Years with too little, or unfavourable distributed rainfall are common in the Sahel, causing yield reductions. People compensate for these reductions in various ways, and in these compensation strategies, the local landscape plays an important role. Selling of products from the local landscape to gain cash income is more important than increased consumption of wild foods [Sinare et al 2016]. The most important strategy is to sell livestock to gain cash income and be able to buy food. However, as it is a considerable investment to build up a herd, this is a strategy that cannot be used so often.
People both in Niger and Burkina Faso strongly identify themselves as farmers. Agriculture is their main livelihood activity. At the same time, livelihood diversification including small-scale business, migration and remittances from relatives, is important for most households. However, these non-farm activities such as small-scale business and migration are not disconnected from the agriculture. Data from Niger shows that the part of the yield that is sold generates income that allows financial capital to invest in small-scale business or migration [Puill, 2010]. Further, income from small scale business and remittances from household members who has migrated are used to invest in the farm, for example to buy small cattle for fattening, repay land in mortgage or hire labour to work on the fields during the growing season. Yield from women’s fields in particular are used to invest in non-farm livelihood activities.
Hanna Sinare is a postdoctoral researcher for GRAID working with synthesising SRC research on social-ecological systems, ecosystem services, and development in the West African Sahell.

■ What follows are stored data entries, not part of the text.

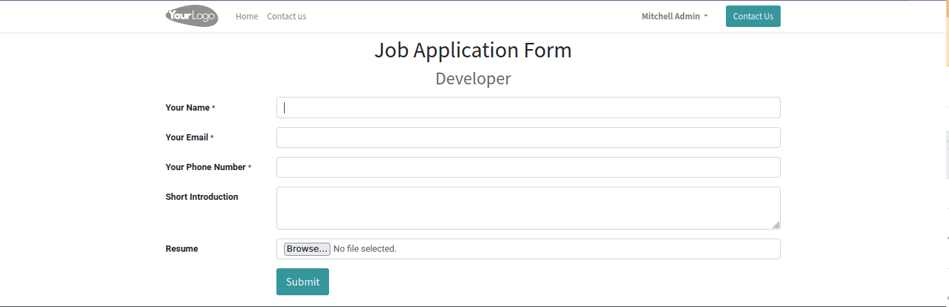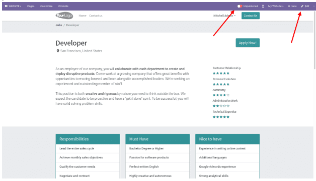 If you click on the ‘Go to Website’ smart button on the top, you can see how the job application will display on the website. You can edit the page using the drag and drop webpage builder and publish.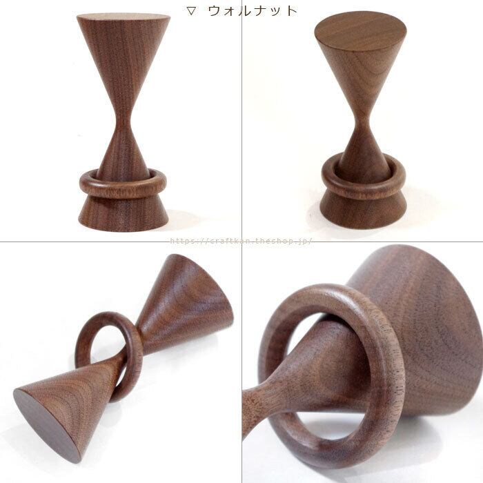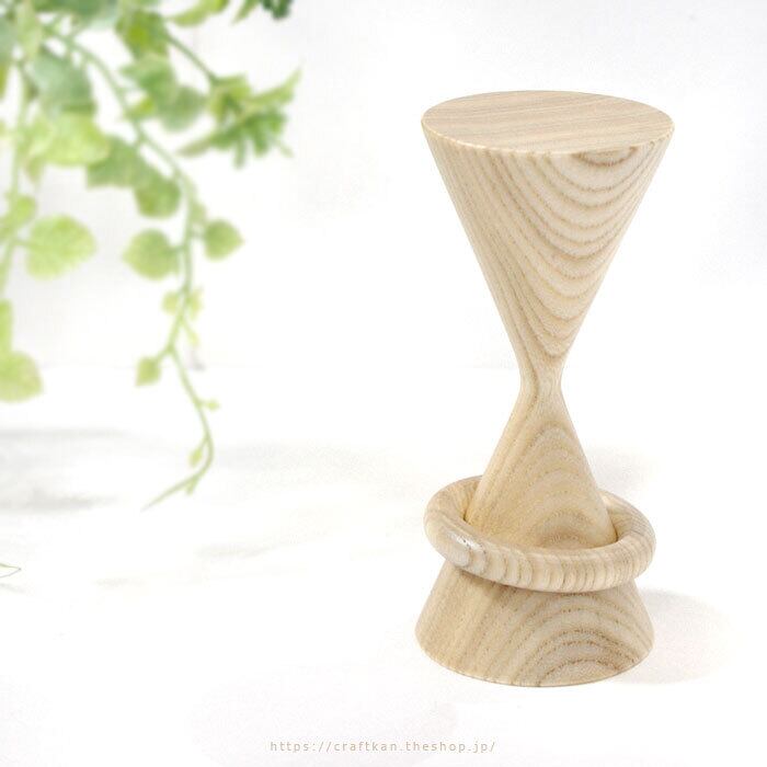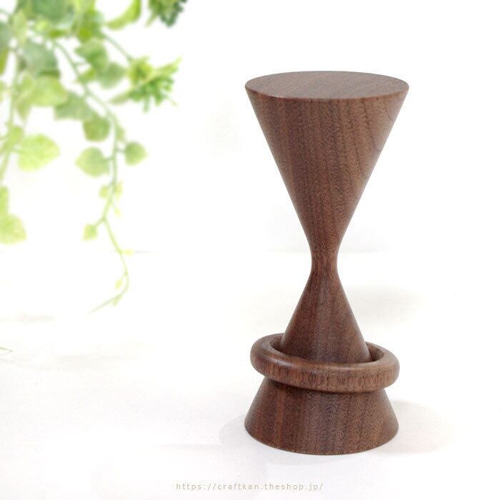机で、引き出しで、散らばりがちな輪ゴムをおしゃれに収納♪ 砂時計のようなデザインに、職人技の光るリングの通った輪ゴムが取り出しやすい輪ゴム掛けです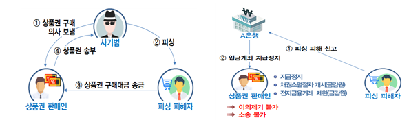 이때 피싱 피해자가 신고하면 상품권 판매인의 계좌는 정지되고, 금융당국은 채권소멸절차 개시‧전자금융거래 제한 등의 조치를 내리게 된다.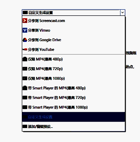 4.如果在导出时还需要对水印、音频等一些细节进行设置,也可以在图2所示的菜单中选择自定义生成设置。选择了该选项后,可以自行选择最终视频的文件格式。除了常用的mp4格式外,还包括了wmv、avi等其他格式。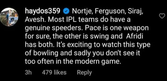 Clarifying his statement in the comment section of Crictracker’s Instagram post, Matthew Hayden wrote, “Nortje, Ferguson, Siraj, Avesh. Most IPL teams do have genuine speeders. Pace is one weapon for sure, the other is swing and Afridi has both. It’s exciting to watch this type of bowling and sadly you don’t see it too often in the modern game.”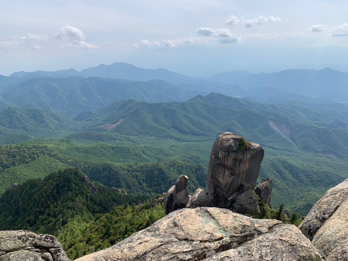14:50、瑞牆山山頂に到着。切り立った山頂から西に八ヶ岳が望め、北東には明日登頂する金峰山も望めた。往路を戻り、17:20に富士見平小屋に帰着。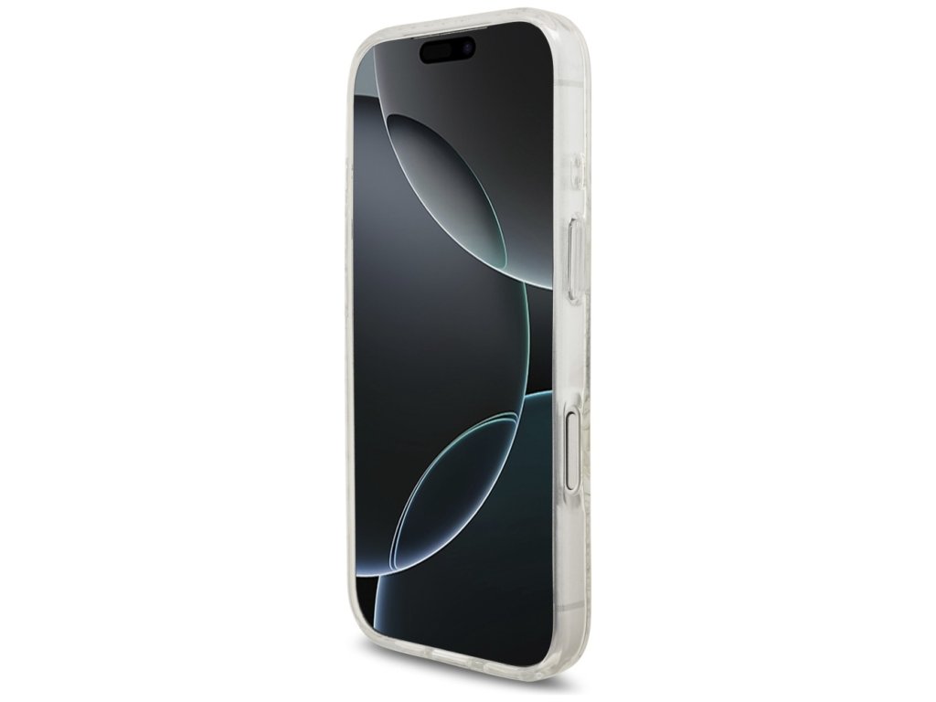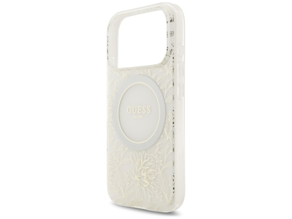 Guess - IML Flowers Allover Electroplated with Pearl Strap MagSafe pouzdro pro iPhone 17 Pro - bílé

Line Gordon is the deputy director and deputy science director at the Stockholm Resilience Centre. She is also assistant professor at the centre with a focus on freshwater resources, ecosystem services and food production
Elin Enfors Kautsky's research centers on pathways for transformative change towards sustainability, and she also leads a section of the GRAID programme, which focuses on operationalizing resilience thinking in practice.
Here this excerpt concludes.